First, you ignore the will of the electorate when you realise that you misjudged the people’s desire and stay in office even when you are voted out. This happened in 2002. Jacob Zuma and Hifikepunye Pohamba (then South Africa’s deputy president and Swapo’s secretary-general respectively) were among the first who hastened to pronounce solidarity. With the support of such peers you continue to control the decisive agencies of state power.
Then you fill the so-called independent judiciary with politically loyal stooges posing as judges. You use the party votes in parliament to adapt, modify and change legislature to eliminate media freedom. You call this the rule of law. You consolidate the military, policy and other security organs as your loyal agencies.
If the people, despite torture, killings, arrests and other forms of terror [such as rape], vote for other parties and candidates (as it happened in 2008), you continue to stay in power [with the help of President Thabo Mbeki] and force opponents to surrender for fear of more massacres.
You form a supposedly ‘government of national unity’. That gives you the grace period to make installations for the next elections while keeping the opponents under control and co-opt them by offering the little taste of power and privileges.
You recruit foreign expertise (even from a country that you abhor but which practices a similar ruthless policy of oppression against people in occupied territories, not unlike apartheid), tested elsewhere and knowing how to manipulate a voters’ roll.

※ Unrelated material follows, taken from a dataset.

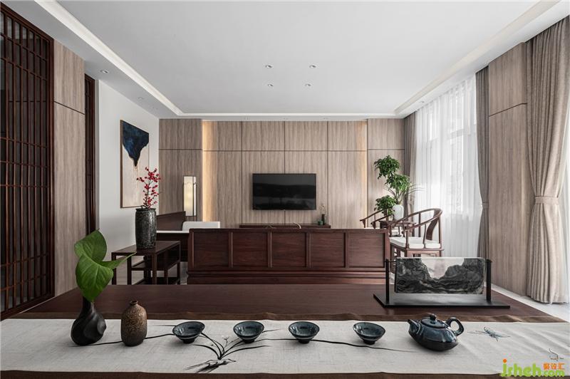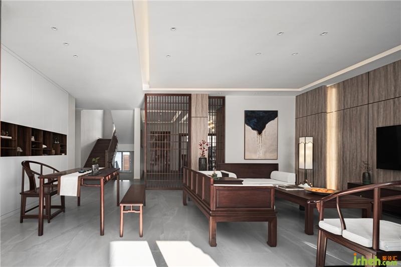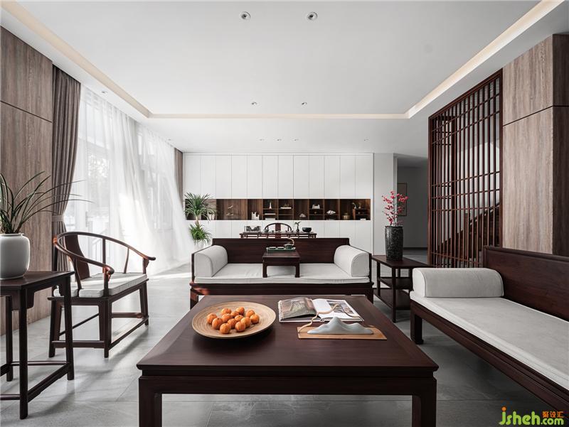 祖宗先輩造櫥立柜,沒什么復(fù)雜的智巧,總以多容善納為務(wù)實(shí)。如果客廳櫥柜,采用中式古典通用顏色,則會給人闊壯高大,過于端莊深沉的壓抑之感,雖富貴華麗,別墅裝飾卻缺乏家的親和溫寧。而由中間隔斷,劃出一檔中式古典風(fēng)味的多寶閣來,多寶閣分為大小格數(shù),一如“百眼櫥”,不僅所有藏之一目了然,更彰顯了設(shè)計師化古板為靈巧的創(chuàng)新。

Then you unilaterally proclaim an election date within the shortest possible time to avoid any checks and balances. After all, the so-called government of national unity does not act in unity. Remember: it was created to buy time.
If the fellow governing parties (who do not really govern) cry foul and seek justice before the court, the ‘independent’ judiciary plays the role for which it had been hand-picked. It dismisses the claims and sanctions the elections plot. With very few exceptions, members of the electoral commission do the same. After all, you do not bite the hand that feeds you.

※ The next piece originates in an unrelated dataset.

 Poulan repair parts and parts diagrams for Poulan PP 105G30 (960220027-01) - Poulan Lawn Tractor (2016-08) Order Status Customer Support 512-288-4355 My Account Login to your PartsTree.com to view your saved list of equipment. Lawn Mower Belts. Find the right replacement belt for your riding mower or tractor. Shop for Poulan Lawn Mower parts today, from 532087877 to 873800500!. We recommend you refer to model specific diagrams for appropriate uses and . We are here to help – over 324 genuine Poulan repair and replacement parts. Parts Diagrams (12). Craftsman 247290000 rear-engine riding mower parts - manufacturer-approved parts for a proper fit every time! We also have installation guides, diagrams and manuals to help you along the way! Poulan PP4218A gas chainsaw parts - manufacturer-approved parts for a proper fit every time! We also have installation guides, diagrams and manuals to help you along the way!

Implementing this plan for ‘re-election’, you also ignore the concerns expressed by the peers in the neighbouring states. That is partly because most of them were lenient and tolerant throughout the decade of abuse power, thereby being part of the conspiracy. They re-embodied the three monkeys who do not hear, do not see and do not say anything.
Last but not least, you again make a careful selection among those who are admitted as external observers. Come the so-called Election Day, everything goes smoothly and – much to the relief of all – without the disturbing features of violence the world was used to. Physical terror is this time hardly required, since everything was in place before the voting day. The result was a foregone conclusion.
The handpicked observers then note that the elections took place orderly. The alliance of autocrats and former freedom fighters kicks in. On behalf of their governments (not their people) they congratulate comrade Bob for his resounding victory. And they live happily ever after – so they think.
If this is not enough to seal the deal, the regime will take care of the further ‘cleaning up’. As it has done with operations Gukurahundi (‘the early rain which washes away the chaff before the spring rains’) during the early to mid-1980s in Matabeleland with over 20,000 killings and Murambatsvina (‘drive out rubbish’) in 2005 displacing hundreds of thousands.
The former liberators know their trade as oppressors.
We have forthcoming elections next year in Mozambique, Namibia and South Africa. None of these states are as much in a mess as Zimbabwe. But their governments played along with the fraud masquerading as ‘democratic elections’. Even the political opposition in Zimbabwe, aware of what was coming, did not pull out of the farce. Calling it theft now comes way too late.
But if we accept this as ‘African democracy’, we can kiss good-bye to the free will of the people and surrender our right to make choices to those who do not care for the people anyway. It suits them.